Erm.... its a bit of a long story! Basically the zoo I used to work at was getting rid of their exhibit and asked if I wanted them, long story short!

They are amazing, same kind of care as the sugar gliders but much smaller. They are all a bit old and some have health issues.... biggest problem I am having is sexing them as their pouches are too small to find!


----------



## gekonide (Apr 26, 2012)

i think their breeding are similar to sugar gliders


----------



## PresqueVu (Jul 27, 2008)

good they've found a home with you then - don't suppose any want a spoilt retirement home with me? 

They must be very interesting to watch, do they all come out at night?


----------



## glidergirl (Nov 27, 2006)

Feathertail Gliders?? :gasp: *jealous!* You must post piccies!


----------



## aliburke (Jun 20, 2011)

glidergirl said:


> Feathertail Gliders?? :gasp: *jealous!* You must post piccies!


:lolsign:


----------



## arnen2000 (Jun 8, 2012)

Would love to hear more about them


----------



## Elina (Jul 22, 2009)

Oh wow I too would love to hear all about them!
-Elina


----------



## gmccurdie (Jun 1, 2012)

Jafna said:


> Hi!
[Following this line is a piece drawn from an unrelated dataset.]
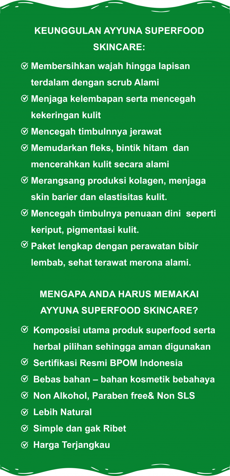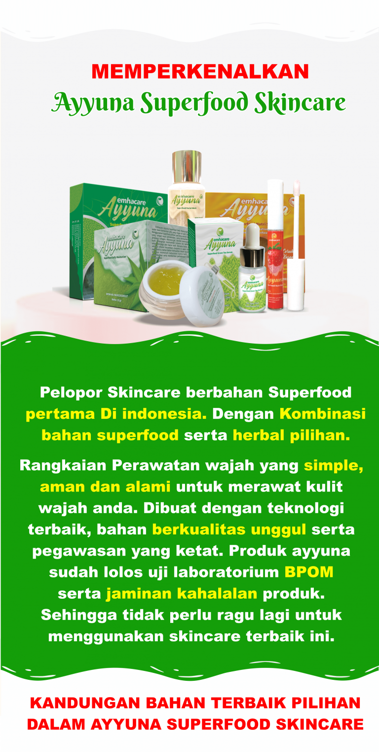 Sehingga ayyuna adalah skincare natural dengan pemilihan bahan bahan superfood dan bahan alami pilihan di proses berstandar pabrik yang sudah terstandar . Bebas dari bahan bahan berbahaya .

Am new to the forum, I have just come into possession of 8 feathertail gliders. Has anybody got/had these before? I'm open to all advice!
> 
> Jen


 Check out this Forum Forum - Aussie Pythons & Snakes under other animals you will find some owners and discussions.


----------



## Nami (Mar 18, 2012)

Yup post pictures! We all want to live vicariously through you!!


----------



## Jafna (Jun 7, 2012)

Ok, I have taken lots of lovely pics. How exactly does one post them?!? LOL tech support!


----------



## aliburke (Jun 20, 2011)

Jafna said:


> Ok, I have taken lots of lovely pics. How exactly does one post them?!? LOL tech support!
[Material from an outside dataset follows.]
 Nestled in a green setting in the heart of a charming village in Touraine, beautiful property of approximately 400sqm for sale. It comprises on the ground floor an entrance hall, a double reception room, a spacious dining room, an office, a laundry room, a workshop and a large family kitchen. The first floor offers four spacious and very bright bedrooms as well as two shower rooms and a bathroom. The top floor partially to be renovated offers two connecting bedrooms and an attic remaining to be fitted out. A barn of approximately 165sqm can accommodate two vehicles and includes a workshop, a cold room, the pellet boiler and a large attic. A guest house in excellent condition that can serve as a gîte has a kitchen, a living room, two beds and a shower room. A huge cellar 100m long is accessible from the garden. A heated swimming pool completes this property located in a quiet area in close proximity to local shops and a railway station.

:lol2: I was here once! Upload to photobox then copy the IMG number and paste onto forum..... I think!!? Just goin off memory


----------



## Jafna (Jun 7, 2012)

*Feathertail pictures, as promised*

Someone let me know if these are visible?!

Pictures by Jennifer_Darby - Photobucket


----------



## feorag (Jul 31, 2007)

:flrt: :flrt: :flrt: :flrt: :flrt:

Yes they are visible and they are gorgeous!!! :jump:


----------



## PresqueVu (Jul 27, 2008)

I second the :flrt:


----------



## aliburke (Jun 20, 2011)

I third the :flrt:


----------



## bothrops (Jan 7, 2007)

Hope you dont mind, thought I'd put a few up here to save people clicking the link!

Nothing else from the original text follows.